Subjects: cs.CL, cs.AI, cs.LG
Abstract URL: https://arxiv.org/abs/2510.19488
Pdf URL: https://arxiv.org/pdf/2510.19488
Copy Paste: [[2510.19488]] VideoAgentTrek: Computer Use Pretraining from Unlabeled Videos(https://arxiv.org/abs/2510.19488)
Keywords: agent
Abstract: Training computer-use agents requires massive amounts of GUI interaction data, but manually annotating action trajectories at scale is prohibitively expensive. We present VideoAgentTrek, a scalable pipeline that automatically mines training data from publicly available screen-recorded videos at web scale, eliminating the need for manual annotation.
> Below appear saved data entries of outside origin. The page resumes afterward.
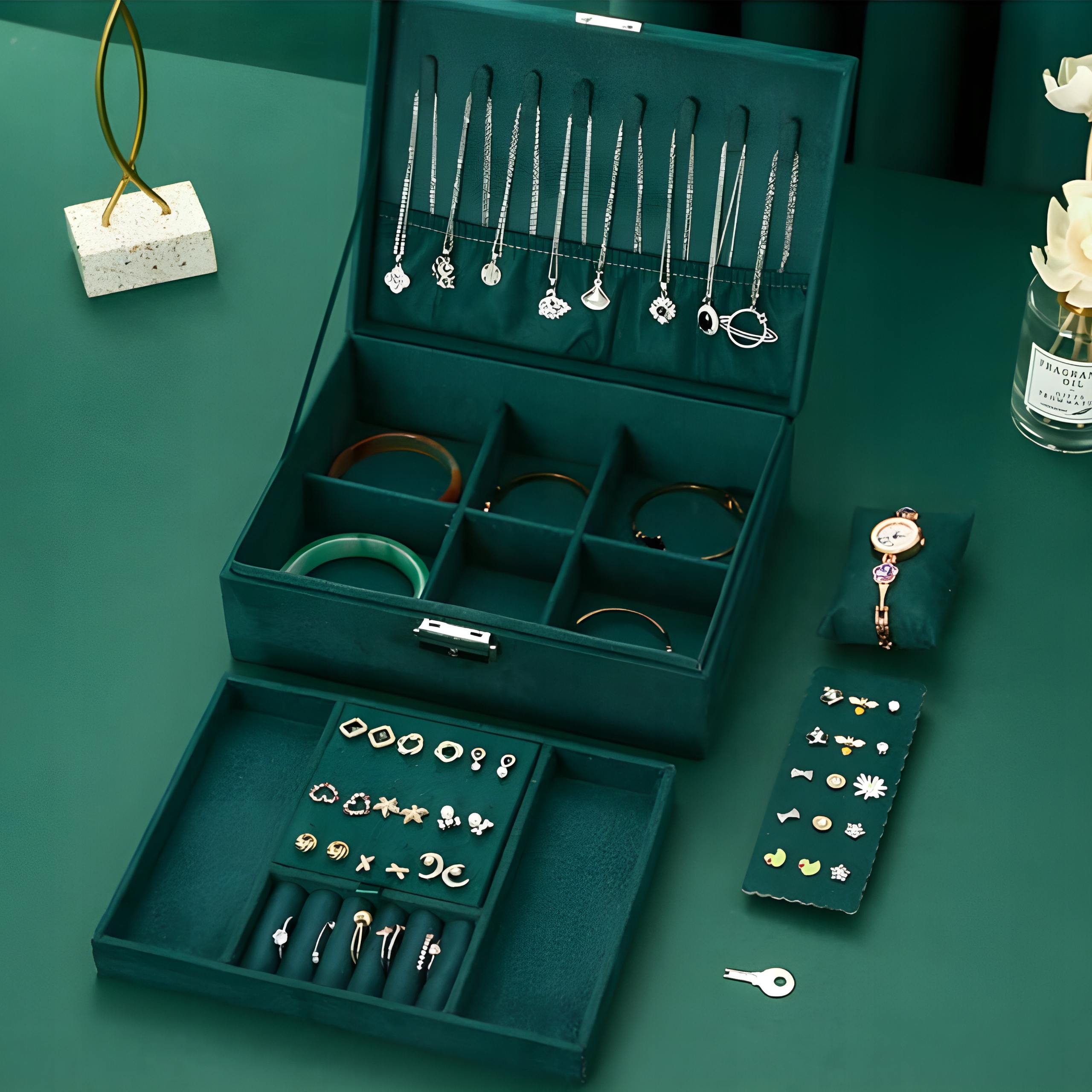 ✔️ Это не просто органайзер – это способ обеспечить порядок, элегантность и безопасность в одном. Идеальный подарок для каждого любителя ювелирных украшений.
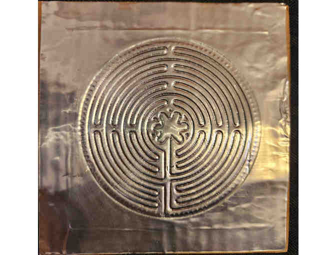 5-inch silver foil impression of Chartres Labyrinth mounted on cardboard. Handmade.
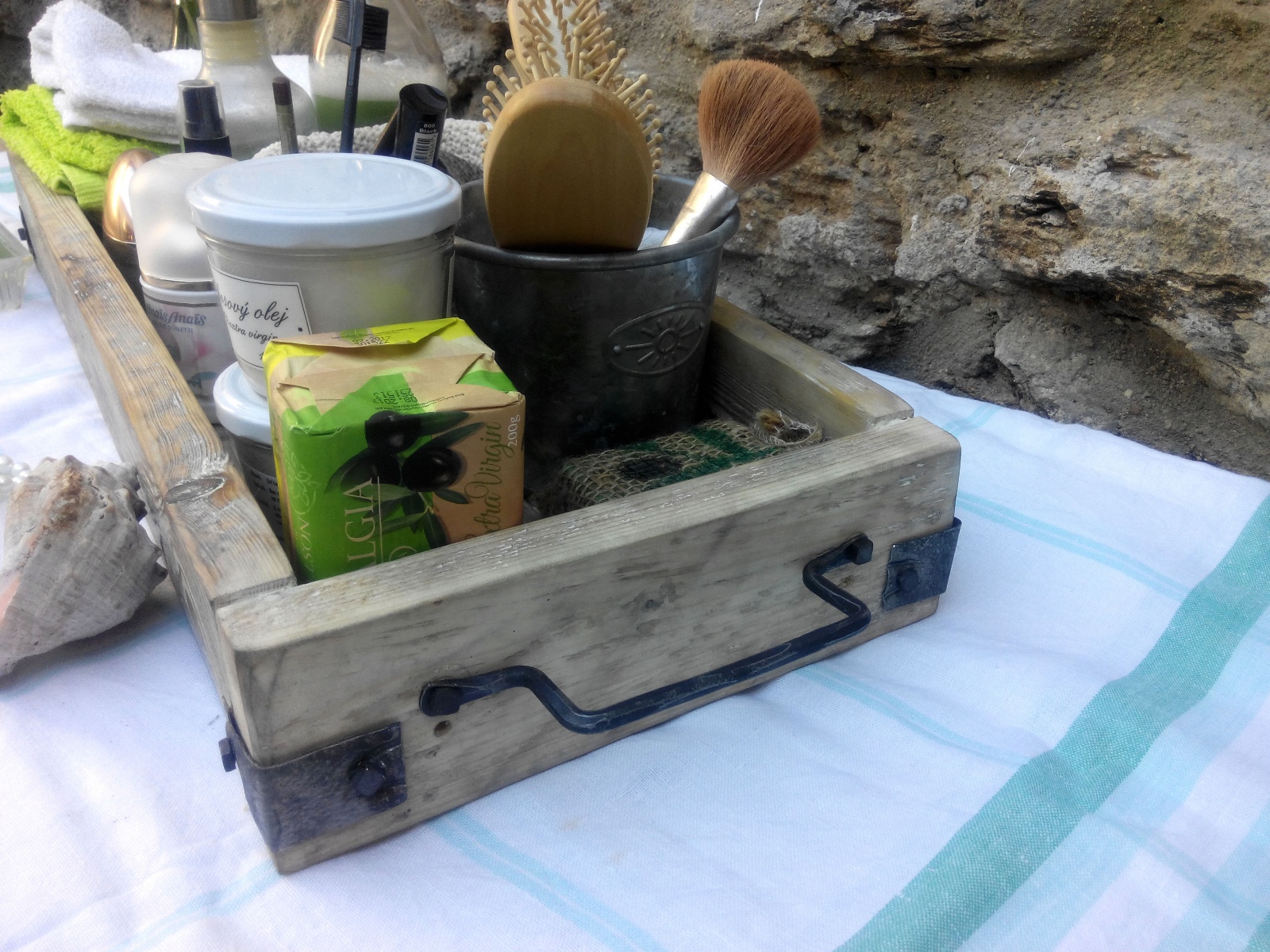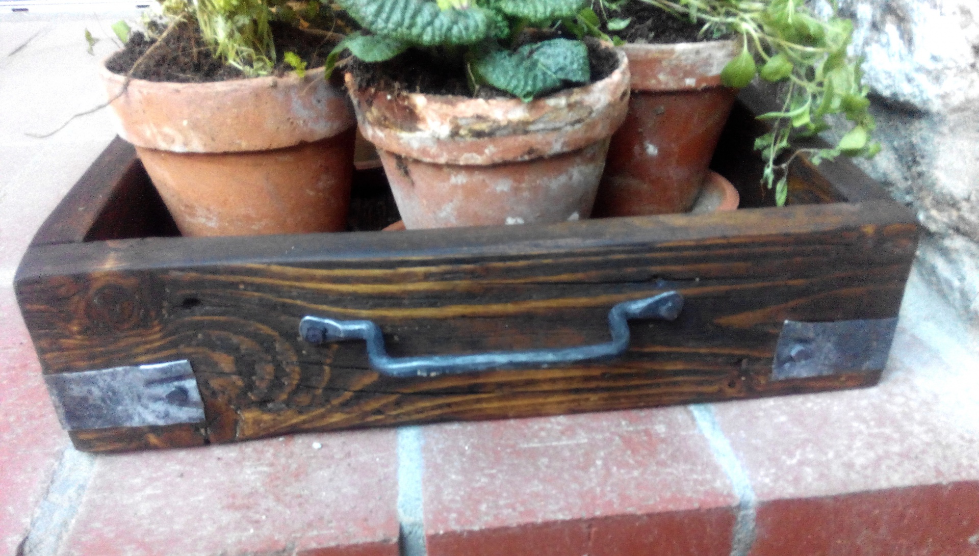 Tácy - boxy - staré dřevo zpracované kartáčováním, broušením, olejováním, voskováním, zažehlením. Všechny kované části jsou vyrobeny ručně, voskované, zažehlené, pro exteriér je natíráme kovářskou barvou.

Our approach addresses a key challenge: raw videos contain implicit demonstrations but lack explicit action labels. To solve this, we develop Video2Action, an inverse dynamics module (IDM) with two components: (1) a video grounding model that detects and localizes GUI actions with precise temporal boundaries and context, and (2) an action-content recognizer that extracts structured parameters like click coordinates and typed text with high fidelity. Applied to 39,000 YouTube tutorial videos, our pipeline generates 1.52 million interaction steps automatically. We leverage this data through continued pretraining followed by supervised fine-tuning. On OSWorld-Verified, our approach improves task success rates from 9.3% (SFT-only baseline) to 15.8%, a 70% relative improvement. On AgentNetBench, step accuracy increases from 64.1% to 69.3%. Our results demonstrate that passive internet videos can be transformed into high-quality supervision for computer-use agents, providing a scalable alternative to expensive manual annotation.
摘要：训练计算机使用的代理需要大量的 GUI 交互数据，但大规模手动注释动作轨迹的成本却极其昂贵。我们推出了 VideoAgentTrek，这是一个可扩展的管道，可以在网络规模上自动从公开的屏幕录制视频中挖掘训练数据，从而无需手动注释。我们的方法解决了一个关键挑战：原始视频包含隐式演示，但缺乏明确的动作标签。为了解决这个问题，我们开发了 Video2Action，一个具有两个组件的逆动态模块 (IDM)：(1) 视频基础模型，用于检测和定位具有精确时间边界和上下文的 GUI 动作；(2) 动作内容识别器，用于提取结构化参数，如高保真点击坐标和键入文本。我们的管道应用于 39,000 个 YouTube 教程视频，自动生成 152 万个交互步骤。我们通过持续的预训练和监督微调来利用这些数据。在 OSWorld-Verified 上，我们的方法将任务成功率从 9.3%（仅 SFT 基线）提高到 15.8%，相对提高了 70%。在 AgentNetBench 上，步数准确度从 64.1% 提高到 69.3%。我们的结果表明，被动的互联网视频可以转化为对计算机使用代理的高质量监督，为昂贵的手动注释提供了可扩展的替代方案。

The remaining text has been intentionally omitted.